The idea is that, given any basis element $B^1$, we can find a neighbourhood $B^2 \in \mathcal B^2(b)$ for each $b \in B^1$ since in this case $B^1 \in \mathcal B^1(b)$. $B^1$ will be the union of these neighborhoods. Then the neighborhood bases for $\tau_1$ are contained in $\tau_2$, hence so is $\tau_1$ itself.

So for each $b \in B^1$, $U_b = \bigcup \{B^2 \in \mathcal B^2(b): B^2 \subseteq B^1\}$ is non-empty, contained in $B^1$, and open in $\tau_2$.

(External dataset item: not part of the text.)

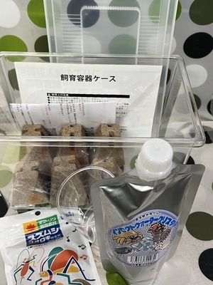 コオロギ飼育セットはコオロギのエサやシェルターなどコオロギ飼育にあると便利なものをまとめたセットです。プラケースのサイズはS、M、Lがあります。
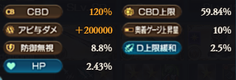 シャルロッテは10ターン目以降、2アビと3アビを連打できます。奥義加速とディスペルが主な役割です。Gゲージ50から発生する隠し予兆の兜率天(TA)に対応するため、過剰にTA率を持っています。久遠の指輪を使っています。もっともHPが減りやすいので、HPと防御は手厚く振っておきます。

It is clear that $B^1 \subseteq \bigcup\limits_{b \in B^1} U_b$; it is equally clear that the converse inclusion holds. Thus $B^1 \in \tau_2$.

We see that the trick is to apply the condition to every element of a (neighborhood basis) element $B^1$ of $\tau_1$. The approach taken above avoids using the Axiom of Choice by simply taking all valid $B^2$.


For the converse, $\Rightarrow$ direction, let $\mathcal B^1(x)$ be a neighbourhood basis around $x$ for $\tau_1$, and let $\mathcal B^2(x)$ be one for $\tau_2$.

Now every $B^1$ is an open $\tau_2$-neighbourhood around $x$ as well. By the definition of neighbourhood basis, there must be a $B^2 \in \mathcal B^2(x)$ such that $B^2 \subseteq B^1$.

Thus indeed the two are equivalent.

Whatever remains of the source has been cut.